Effect of molecular Stokes shift on polariton dynamics

When the enhanced electromagnetic field of a confined light mode interacts with photoactive molecules, the system can be driven into the regime of strong coupling, where new hybrid light-matter states, polaritons, are formed. Polaritons, manifested by the Rabi split in the dispersion, have shown potential for controlling the chemistry of the coupled molecules. Here, we show by angle-resolved steady-state experiments accompanied by multi-scale molecular dynamics simulations that the molecular Stokes shift plays a significant role in the relaxation of polaritons formed by organic molecules embedded in a polymer matrix within metallic Fabry-Perot cavities. Our results suggest that in the case of Rhodamine 6G, a dye with a significant Stokes shift, excitation of the upper polariton leads to a rapid localization of the energy into the fluorescing state of one of the molecules, from where the energy scatters into the lower polariton (radiative pumping), which then emits. In contrast, for excitonic J-aggregates with a negligible Stokes shift, the fluorescing state does not provide an efficient relaxation gateway. Instead, the relaxation is mediated by exchanging energy quanta matching the energy gap between the dark states and lower polariton into vibrational modes (vibrationally assisted scattering). To understand better how the fluorescing state of a molecule that is not strongly coupled to the cavity can transfer its excitation energy to the lower polariton in the radiative pumping mechanism, we performed multi-scale molecular dynamics simulations. The results of these simulations suggest that non-adiabatic couplings between uncoupled molecules and the polaritons are the driving force for this energy transfer process.

Automated summary

The interaction between the enhanced electromagnetic field of a confined light mode and photoactive molecules can lead to the formation of new hybrid light-matter states known as polaritons. These polaritons, as evidenced by the Rabi split in the dispersion, have the potential to control the chemistry of the coupled molecules.

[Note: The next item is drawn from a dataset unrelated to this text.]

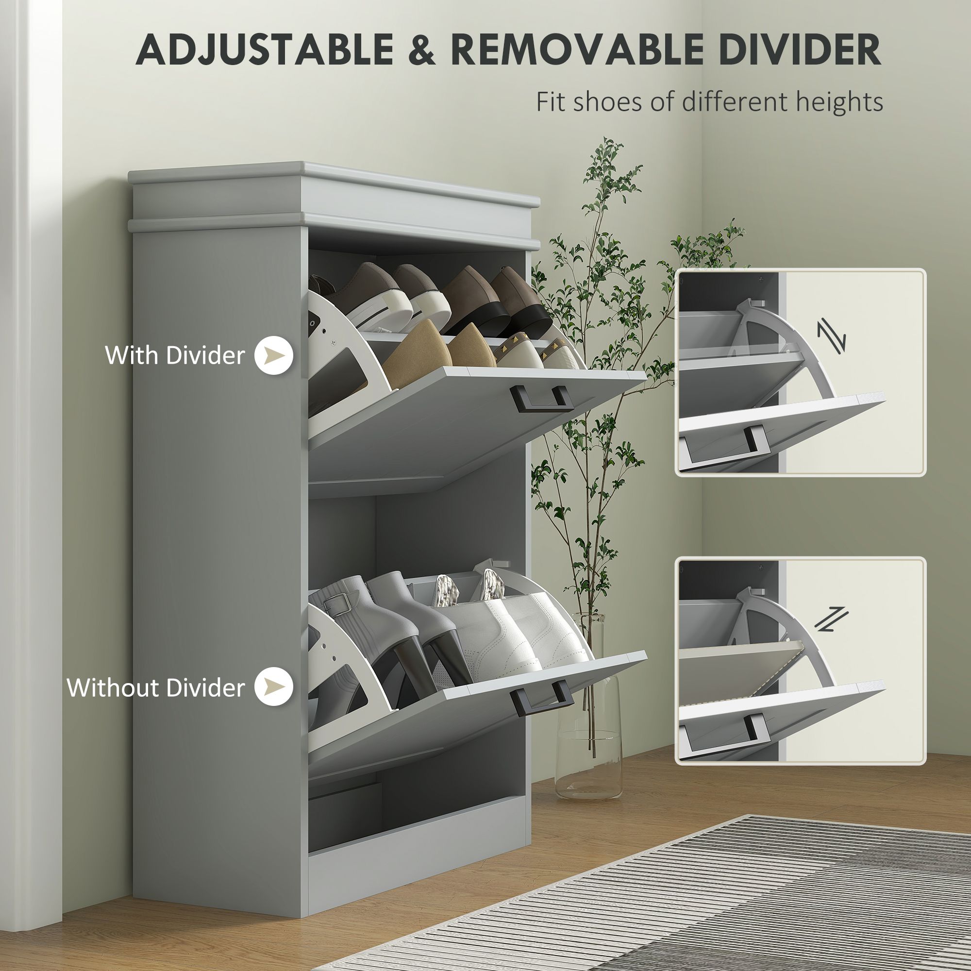 CABINA 2 Drawer Minimalistic Narrow Shoe Storage Cabinet for 10 Shoes - Grey

Experimental and molecular dynamics simulation results indicate that the molecular Stokes shift plays a significant role in the relaxation of polaritons formed by organic molecules within metallic Fabry-Perot cavities embedded in a polymer matrix. Moreover, it was observed that the mechanism of energy transfer from the fluorescing state of a non-strongly coupled molecule to the lower polariton involves non-adiabatic couplings between uncoupled molecules and the polaritons.